8. Polynomial Regression from Scratch#
In this assignment, first, you need to implement Polynomial Regression from Scratch using Numpy without Sklearn. After the scratch implementation, we also use the Polynomial Regression using Sklearn and compare the two models. Your main task is to improve the code from Polynomial Regression from Scratch
8.1. Introduction#
Response Variable : Position
Target Variable : Salary
Equation Used : \(y = W0 * X0 + W1 * X1 + W2 * X1^{2} + .... + WN * X1^{N}\)
Why Linear?
A genuine question can be “If the equation contain powers greater than one, how come it is linear regression?” It’s a great question! Note that the powers of \(X\) are greater than one and these are actually constants. We have these values in our dataset.

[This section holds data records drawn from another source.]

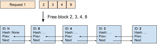 3. Allocate new blocks by popping the heads of the free queue. If the head block is a cached block, this also “evicts” the block so that no other requests can reuse it anymore from now on.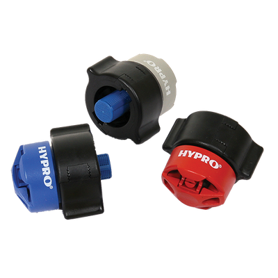 Pentair Hypro GuardianAIR Twin spray nozzles are the best choice for high-coverage applications where on-target spray delivery is important. They are ideal for low crops with complex canopies, such as vegetables, where thorough coverage of the target and protection of the surroundings are of high importance. High-coverage forward and rear-facing fans provide coverage on both sides of target. FastCap complete includes nozzle, cap, gasket and is available with or without a filter. Integrated strainers are matched to the nozzle size to prevent over-straining or plugging.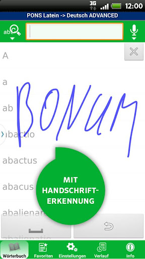 * Schreiben Sie das Suchwort ganz bequem in der eigenen Handschrift. Sie haben dafür den Platz des kompletten Displays! Von dort wird Ihr Suchwort als Vorschlag im Suchfeld übernommen.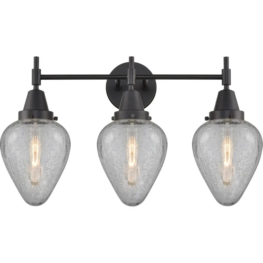 INNOVATIONS 616-3W-OB-G165 Geneseo 3 Light 24 inch Bath Vanity Light Oil Rubbed Bronze. Style: Industrial, Modern Contempo, Restoration-Vintage, Transitional . Collection Name: Edison. Metal Finish(Body): Oil Rubbed Bronze. Metal Finish(Canopy/Backplate): Oil Rubbed Bronze. Material: Steel, Cast Brass, Glass. Dimension(in): 14(H) x 24.5(W) x 7.75(Ext). Bulb: (3)60W Medium Base Incandescent(Not Included). Voltage: 120. Dimmable: Yes. Color Temperature (Kelvin): 2200. Color Rendering Index (CRI): 99.9. Lumens: 220. Life Expectancy (Hours): 2000. Glass Shade Description: Clear Crackle Geneseo. Glass Type: Crackled. Shade Shape: Teardrop. Glass or Metal Shade Color: Clear Crackled. Shade Material: Glass. Shade Dimension(in): 6.5(W) x 8.75(H). Fitter Measurement (Glass Or Metal Shade Fitter Size): 3.25 inch Fitter. Backplate Dimension(in): 4.5(W) x 0.75(Depth). ADA Compliant: No. California Proposition 65 Warning Required: Yes. UL/ETL Certification Type: Damp Location.

We care more about \(W\) and the equation combines these product of \(W\) and \(X\) linearly i.e it has the linear combination of these terms.

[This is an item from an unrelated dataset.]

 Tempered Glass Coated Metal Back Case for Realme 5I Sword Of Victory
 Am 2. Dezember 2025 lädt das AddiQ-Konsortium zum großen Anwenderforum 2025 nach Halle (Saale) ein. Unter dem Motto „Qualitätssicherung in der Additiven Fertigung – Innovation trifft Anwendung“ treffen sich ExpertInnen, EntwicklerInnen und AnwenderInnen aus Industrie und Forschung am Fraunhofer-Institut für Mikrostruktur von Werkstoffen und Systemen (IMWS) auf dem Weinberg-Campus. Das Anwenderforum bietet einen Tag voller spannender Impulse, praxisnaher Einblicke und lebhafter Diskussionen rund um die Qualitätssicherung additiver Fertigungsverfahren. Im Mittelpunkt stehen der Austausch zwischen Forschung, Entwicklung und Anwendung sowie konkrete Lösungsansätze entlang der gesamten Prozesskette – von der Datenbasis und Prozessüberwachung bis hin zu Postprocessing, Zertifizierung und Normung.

For Scratch Implementation:
Loss Function : Squared Error
Optimization Algorithm : SGD
Weight Initialization : Xavier Initialization
8.2. Polynomial Regression from Scratch without SKlearn#
8.2.1. Importing the Dependencies#
#importing the required packages
import numpy as np
import pandas as pd
import matplotlib.pyplot as plt
8.2.2. Get the Data and Data Preprocessing#
#Get the dataset
dataset = pd.read_csv(r'../../dataset/Position_Salaries.csv')
#Get a glimpse of the Dataset
dataset.head()
Position | Level | Salary | |
---|---|---|---|
0 | Business Analyst | 1 | 45000 |
1 | Junior Consultant | 2 | 50000 |
2 | Senior Consultant | 3 | 60000 |
3 | Manager | 4 | 80000 |
4 | Country Manager | 5 | 110000 |
#Separating the independent and dependent features
#Dependent feature
y = np.asarray(dataset['Salary'].values.tolist())
# Independent Feature
X = np.asarray(dataset['Level'].values.tolist())
# Reshaping the independent feature
X = X.reshape(-1,1)
X
array([[ 1],
[ 2],
[ 3],
[ 4],
[ 5],
[ 6],
[ 7],
[ 8],
[ 9],
[10]])
#Reshaping the Dependent features
y = y.reshape(len(y),1) # Changing the shape from (50,) to (50,1)
y
array([[ 45000],
[ 50000],
[ 60000],
[ 80000],
[ 110000],
[ 150000],
[ 200000],
[ 300000],
[ 500000],
[1000000]])
#Get the shapes of X and y
print("The shape of the independent fatures are ",X.shape)
print("The shape of the dependent fatures are ",y.shape)
The shape of the independent fatures are (10, 1)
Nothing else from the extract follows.